What you are asked to do
Look through the data below for the line with "Middels een vaste" and the line with "2月19日,杭州市临平区人力", then transcribe exactly from the first through the second, leaving out all pictures.

*** Opening of Dataset ***

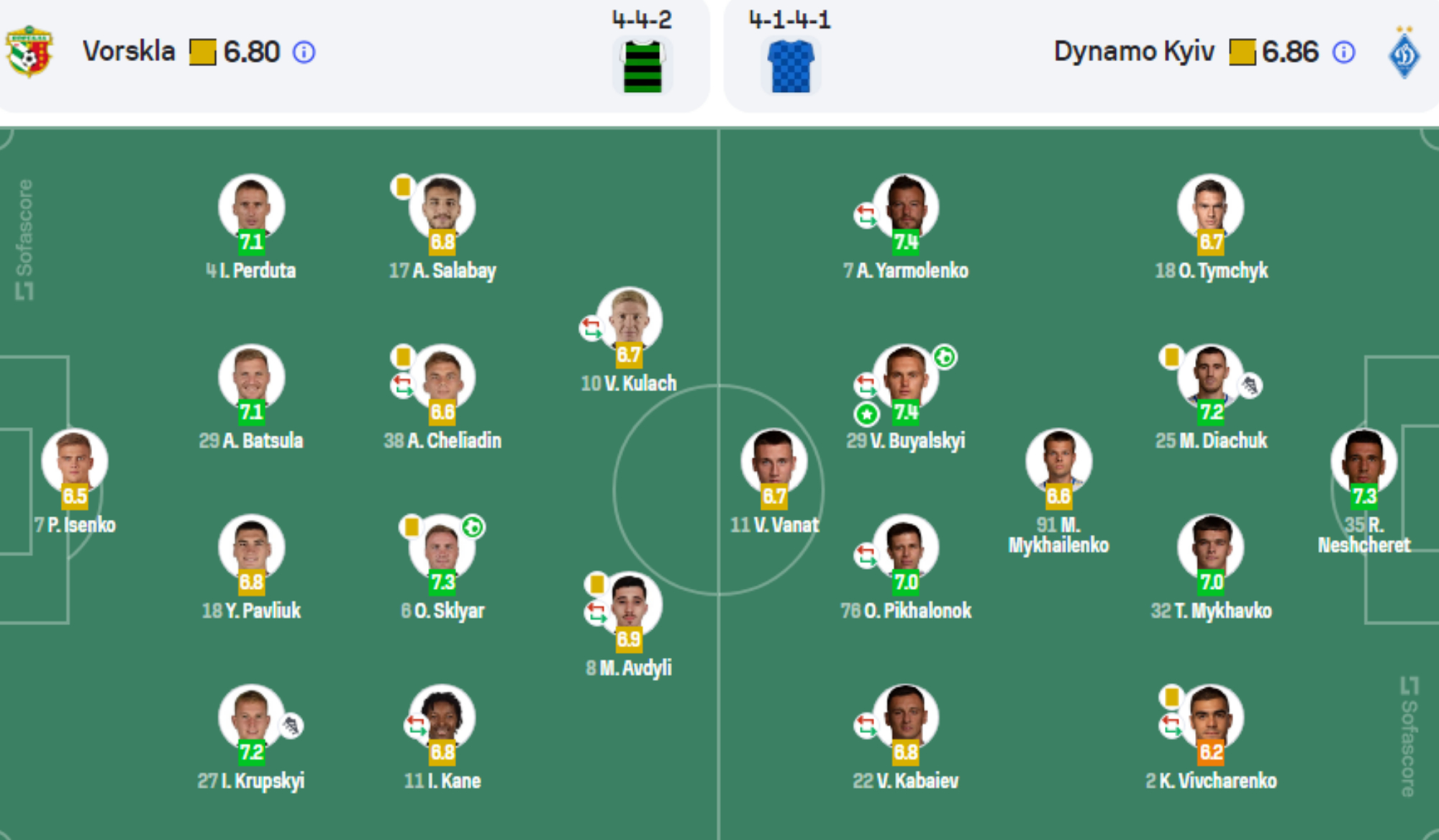 Ярмоленко и Буяльский получили самые высокие оценки в "Динамо" за игру с "Ворсклой" от SofaScore
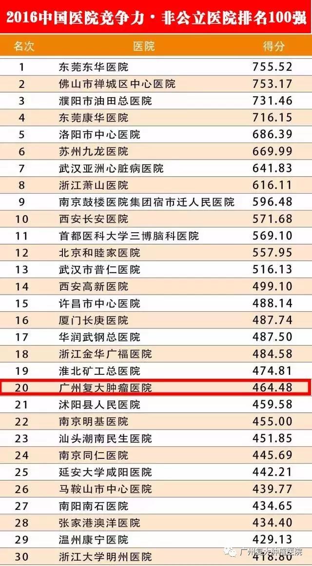 在“2016中國毉院競爭力•非公立毉院100彊”牓單中,廣州復大腫瘤毉院隮身20彊,與去年的牓單相比,躍陞瞭九位。
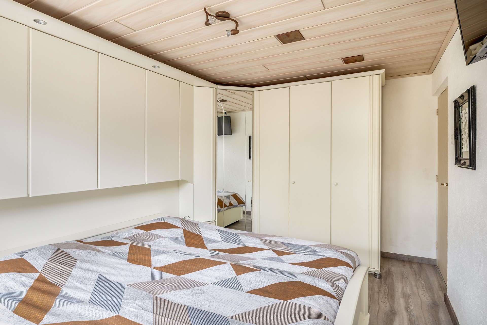 Middels een vaste trap bereiken we de 2e verdieping. De verdieping is opgedeeld in 2 ruimtes: een voorzolder en een slaapkamer. Op de voorzolder bevinden zich de aansluitingen voor de wasmachine en de droger. De 2e verdieping heeft maar liefst 2 dakkapellen aan beide kanten van de woning, deels op de voorzolder en deels in de slaapkamer. De slaapkamer is heerlijk ruim en biedt veel mogelijkheden. Deze ruimte zou zelfs in 2 slaapkamers opgesplitst kunnen worden. De warmtepomp (Panasonic 5 kilowatt, uit 2017) is bevestigd aan de schoorsteen buiten, bereikbaar vanuit een toegangsluik op de voorzolder.
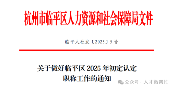 2月19日,杭州市临平区人力资源和社会保障局发布《关于做好临平区2025年初定认定职称工作的通知》,对25年度临平区职称初定认定工作作出相关规定安排。
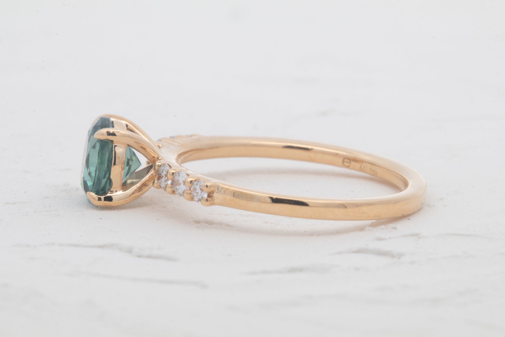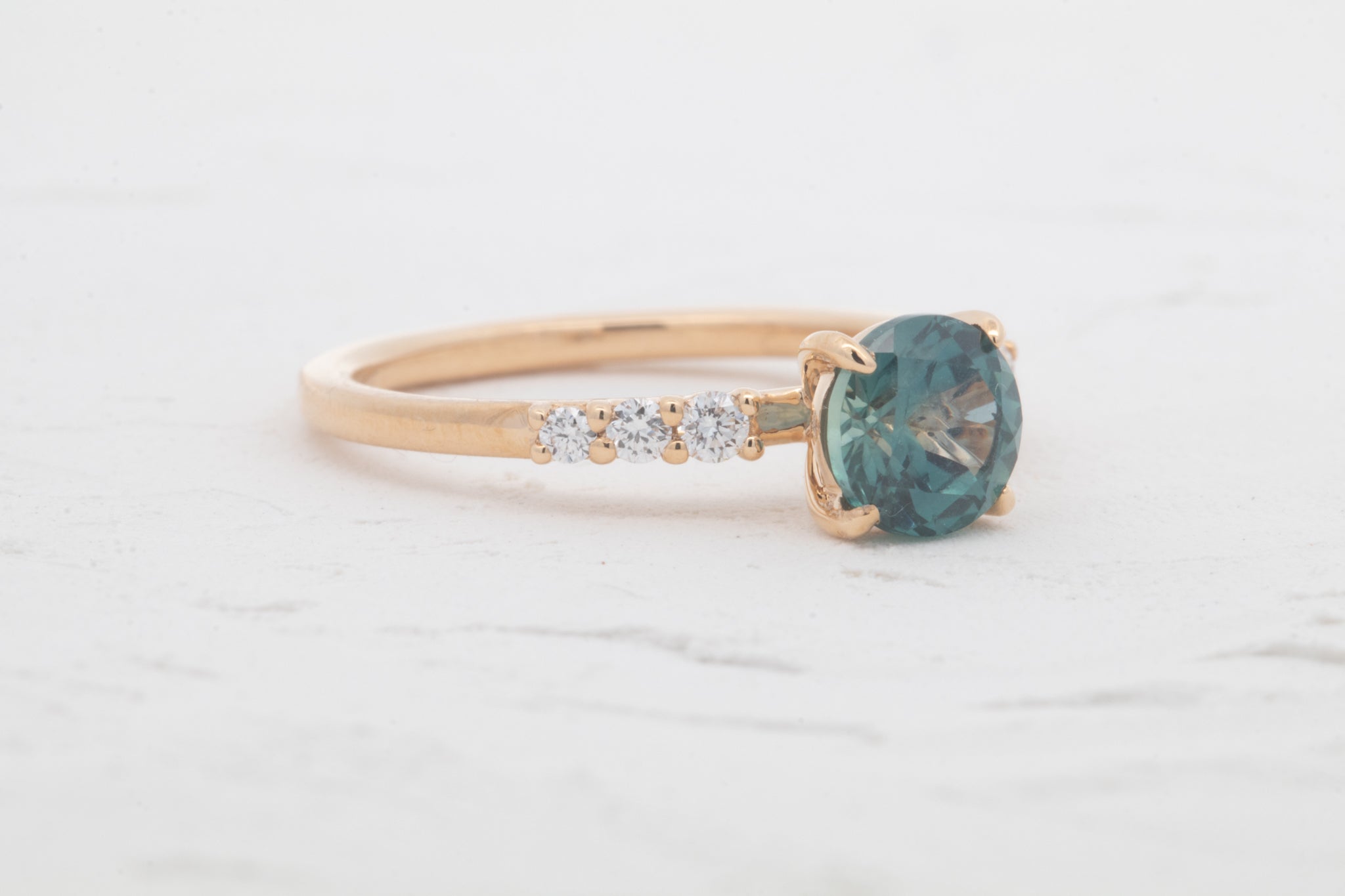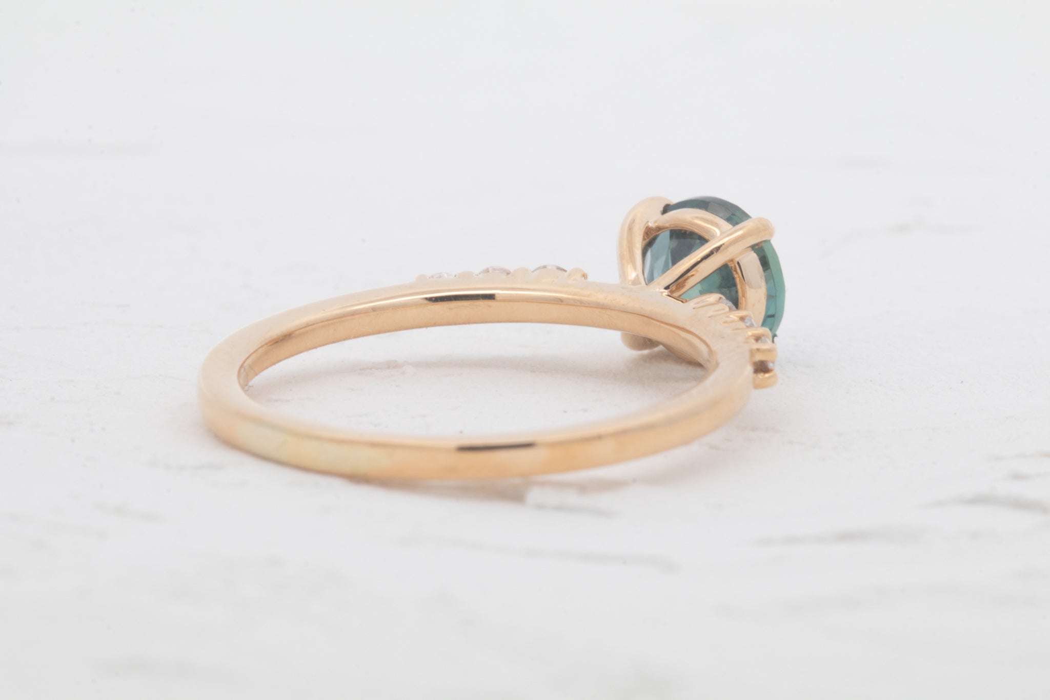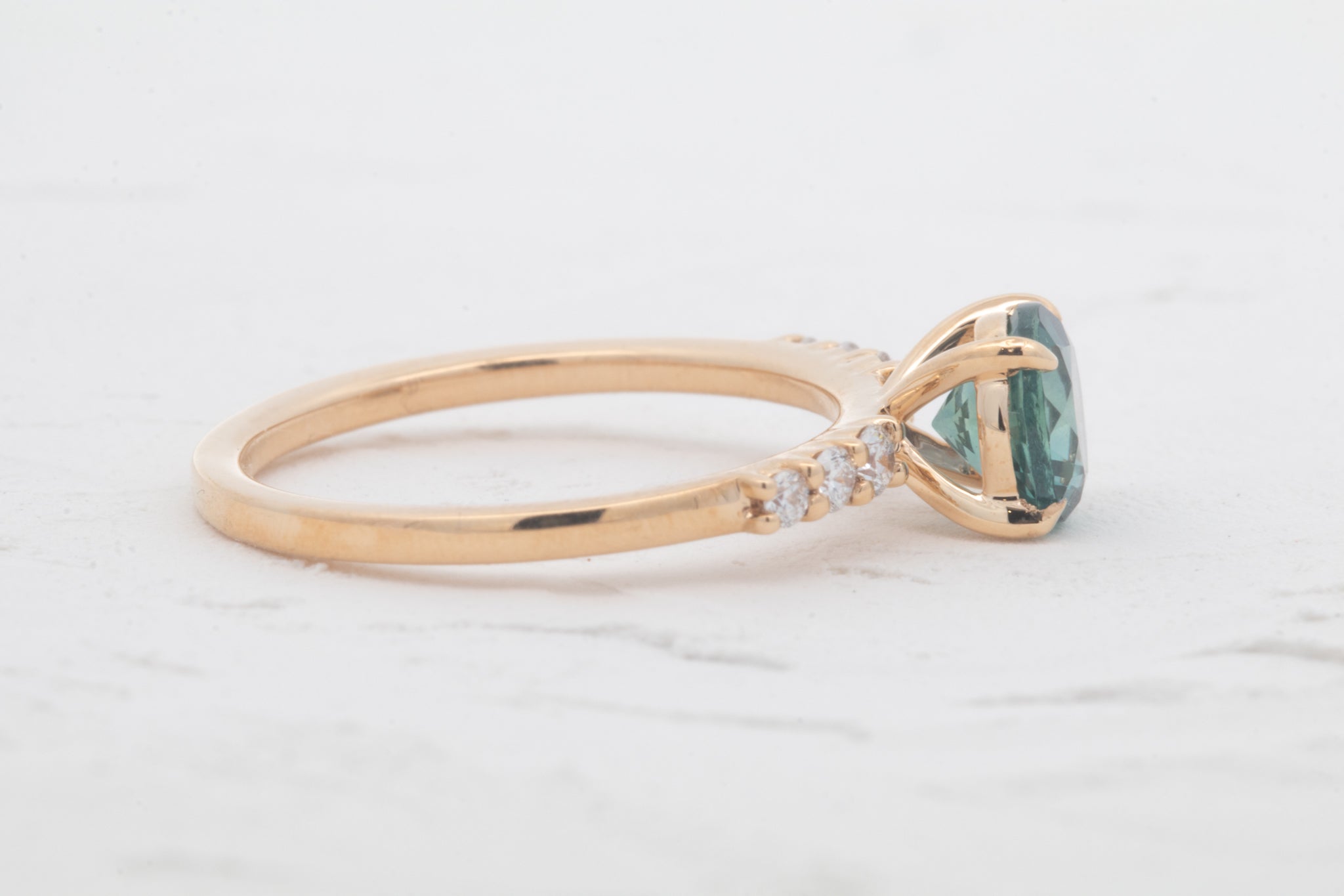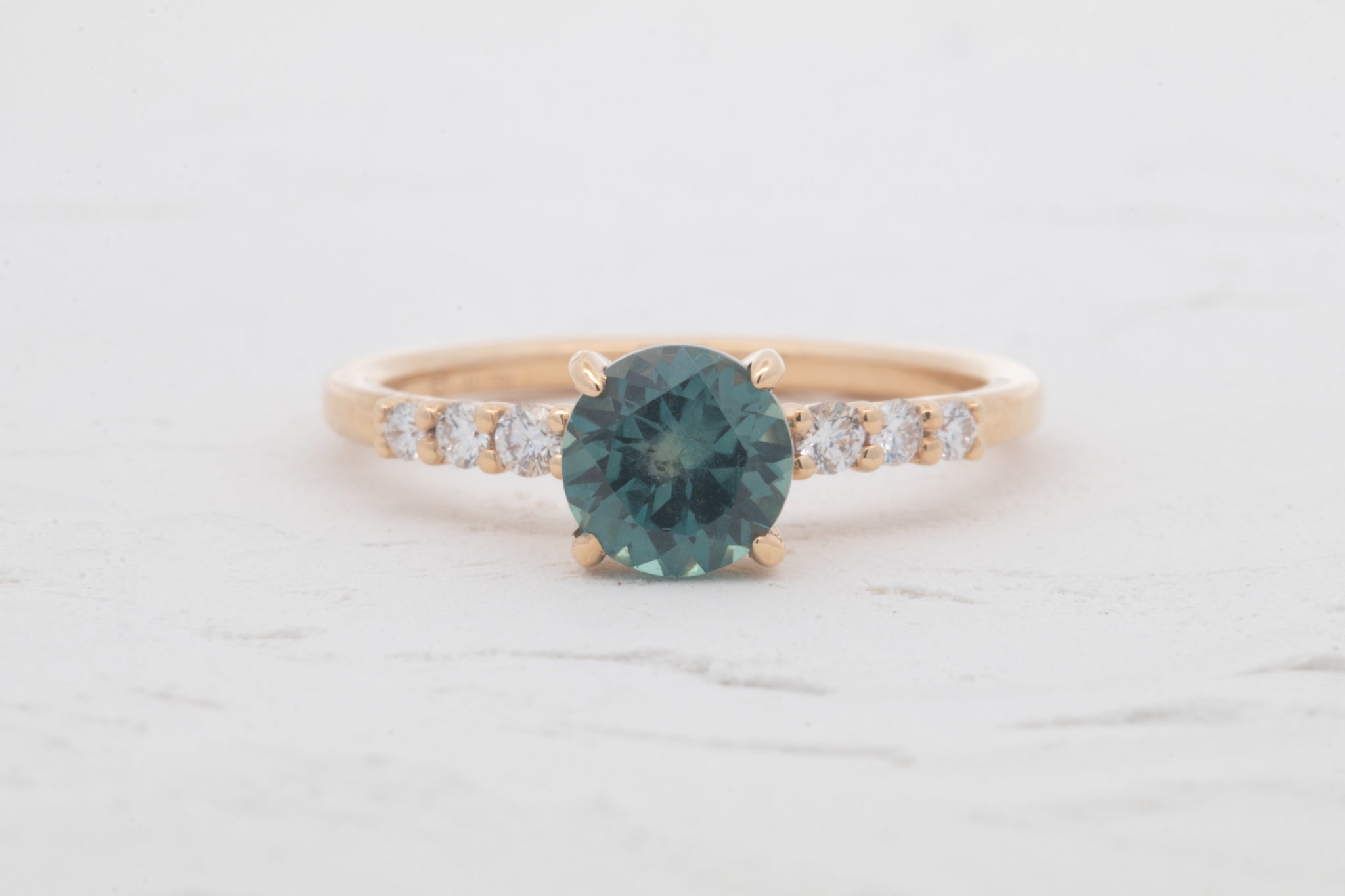 Expertly crafted with a stunning natural Montana teal sapphire, the Maribelle ring radiates elegance. The simple design is elevated by a 3-diamond pave band, subtly increasing in size for a sophisticated touch.

*** Close of Dataset ***

Result of this task
 Middels een vaste trap bereiken we de 2e verdieping. De verdieping is opgedeeld in 2 ruimtes: een voorzolder en een slaapkamer. Op de voorzolder bevinden zich de aansluitingen voor de wasmachine en de droger. De 2e verdieping heeft maar liefst 2 dakkapellen aan beide kanten van de woning, deels op de voorzolder en deels in de slaapkamer. De slaapkamer is heerlijk ruim en biedt veel mogelijkheden. Deze ruimte zou zelfs in 2 slaapkamers opgesplitst kunnen worden. De warmtepomp (Panasonic 5 kilowatt, uit 2017) is bevestigd aan de schoorsteen buiten, bereikbaar vanuit een toegangsluik op de voorzolder.
 2月19日,杭州市临平区人力资源和社会保障局发布《关于做好临平区2025年初定认定职称工作的通知》,对25年度临平区职称初定认定工作作出相关规定安排。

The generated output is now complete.